In all three cases, this paternalist tradition was advanced as a motive for protectionist demands.Footnote37 Examples include comments by members of parliament that:

Pilkington is probably the best employer in my constituency. Its contribution to the local community is important … In the best sense of the word, Pilkington is paternalistic. … (Barry Jones, Labour, Commons Hansard, 15 December 1986, column 884)

Rowntree has always encouraged its managers to participate in local affairs, whether in chambers of commerce, enterprise agencies or local schools. It maintains local charitable donations which are an example to any company. (Conal Gregory, Conservative, Commons Hansard, 8 June 1988, column 866)

[Cadbury] is a company with a sense of belief and commitment to its own community. It is a model company … (Tony Wright, Labour, Commons Hansard, 26 January 2010, column 787)
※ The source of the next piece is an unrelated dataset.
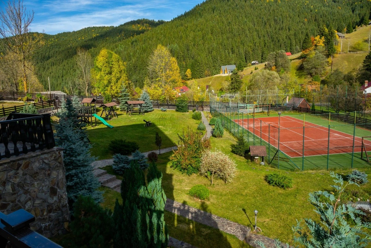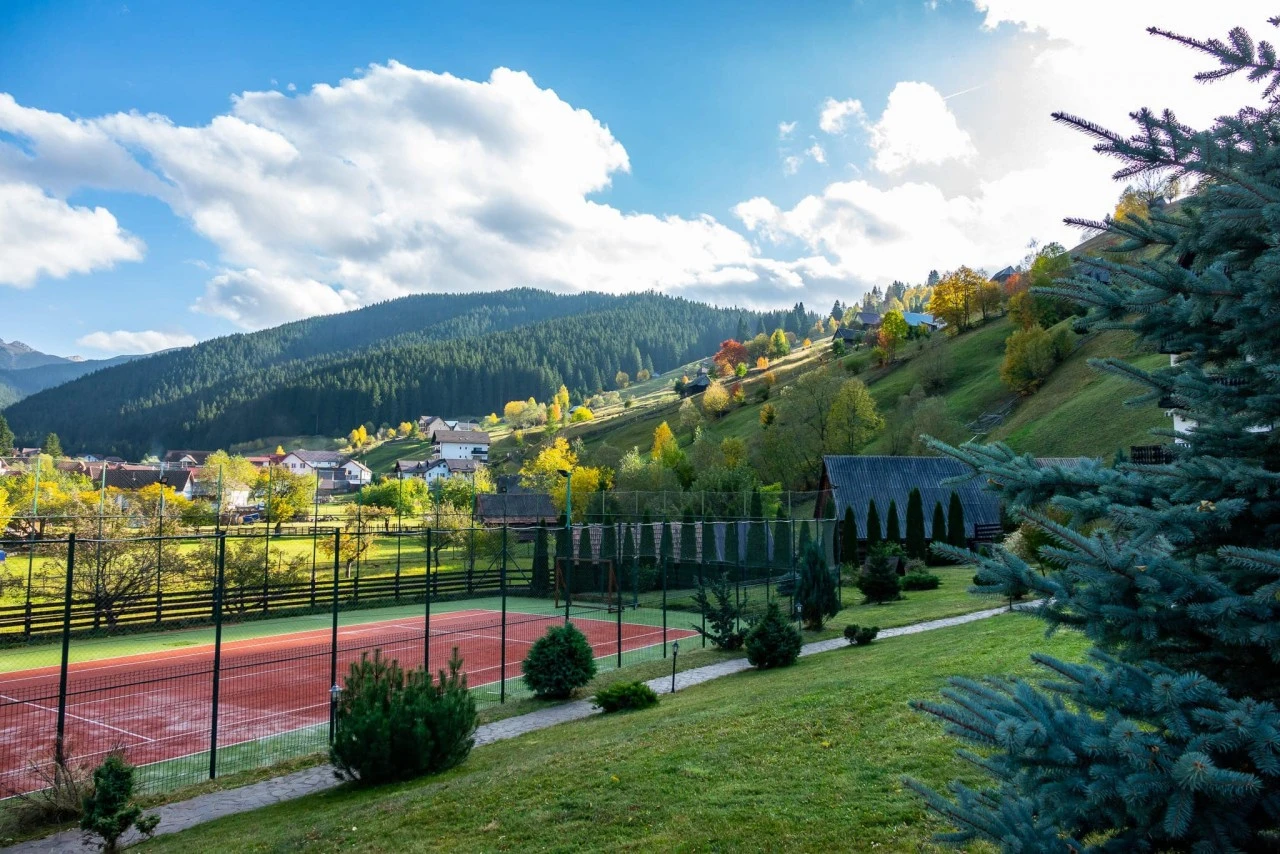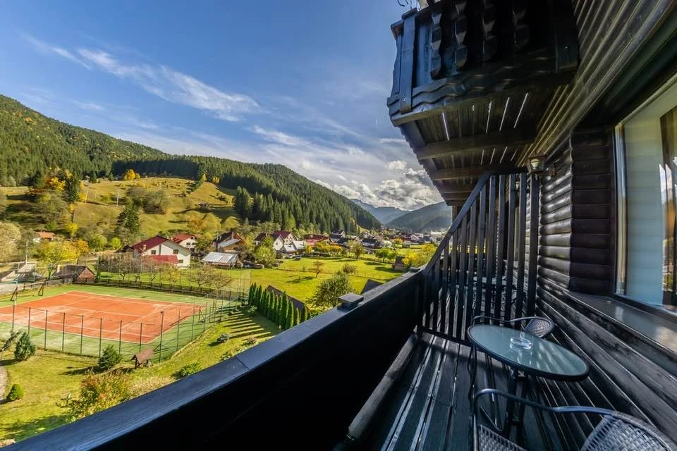 Szállás Szilveszter Felsőmoécs Panzió*** | Erdőszélen, 1100 m magasan, panorámával; Légkondi, étterem, konyha, WI-FI, terasz, kert, udvar, játszóhely, pavilon, grill, sportpálya, parkoló | 15 km Törcsvára Kastély, 11 km Bran sípálya, 29 km Hétlétrák kanyon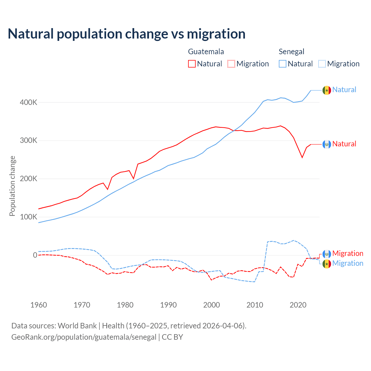 Over the last 10 years, 89.8% of the population change in Guatemala is from natural causes (a gain of 3,077,847 people) and 10.2% is from migration (a loss of 347,818 people). In Senegal 93.9% is from natural causes (a gain of 4,089,205 people) and 6.13% is from migration (a gain of 267,266 people).

A fourth case study, of the successful 2005 bid for Pilkington by Japanese competitor NSG, lends further support to the argument that stakeholders defend network-ties to incumbent managers if and only if these ties yield benefits. The lack of mobilization regarding the Japanese takeover contrasts starkly with strong reactions to the 1986 bid for Pilkington discussed above. Froud et al. Citation(2008) attribute the contrast to decisive changes in the composition of Pilkington's board,Footnote38 and further case studies support their theory. In 1986, ‘family members and long-term employees were in the majority, and only four of the eleven were non-executives’. By 2005, non-executive directors (NEDs) filled five of eight seats, including the chair, and they had careers where ‘limited attachment to any one firm was demonstrated by movement between firms, distance from operation and closeness to the culture of the corporate deal’ (Froud et al., Citation2008: 180).Footnote39 Between 1997 and 2007, similarly NED-dominated boards also approved the foreign takeover of all other firms in the British buildings materials sector, including several that were productively credible and financially viable on a stand-alone basis (Froud et al., Citation2008: 178). The Pilkington board at the time of the BTR offer was chaired by family member Anthony Pilkington. Rowntree chairman Kenneth Dixon had risen through the ranks from 1956 onward (Hyde et al., Citation1991: 10). Cadbury's chairman Roger Carr had been appointed only two years prior to the bid.Footnote40

However, while board room characteristics may help explain the decline in directors’ resistance, stakeholder resignation in the face of notoriously footloose owners also dampened the protest. David Watts, Labour MP for St Helens North, observed that, ‘[nowadays] large companies like Pilkington are mainly controlled by London-based investors anyway and therefore the local link isn't as strong as it might have been in the past’,Footnote41,42 In the same vein, Roger Carr dismissed nostalgic sentiments regarding the Kraft takeover by pointing out that ‘[Cadbury's] hadn't been a family company for 50 years, it hadn't had a member of the family working in it for a decade. Fifty per cent of the company was purchased from an American drug company – it simply wasn't the business people believed it to be.’Footnote43

News reports of trade union attitudes to foreign bids suggest, further, that the short-termist reputation of many British investors may even lead local stakeholders to prefer some foreign owners. The Trades Union Congress (TUC) regularly expresses itself ‘in favour of all investments [including foreign takeovers] that create new jobs’.Footnote44 Some TUC spokesmen go further and explicitly welcome foreign takeovers. In 2006, Ian Brinkley, the TUC's chief economist, declared that ‘foreign deals are often better for British workers.’Footnote45 In 2009, Tim Page, the TUC's senior policy officer, said that ‘[f]oreign owners can be better than British ones, if they invest and expand the business.’Footnote46

6. CONCLUSION

In sum, the article harnesses research on comparative corporate governance to dispel expectations that internationalization of the market for corporate control will trigger a protectionist backlash. Corporate governance regimes differ with regard to their reliance on network-based coordination, and this affects stakeholder attitudes toward foreign ownership. Networks are more valuable where they perform a function. Where, as in the UK, coordination relies more on market-based mechanisms, foreign acquisitions are less disruptive, and political mobilization is weaker. To the extent that the internationalization of corporate ownership spreads outsider governance by destroying networks, resistance therefore declines as the market expands.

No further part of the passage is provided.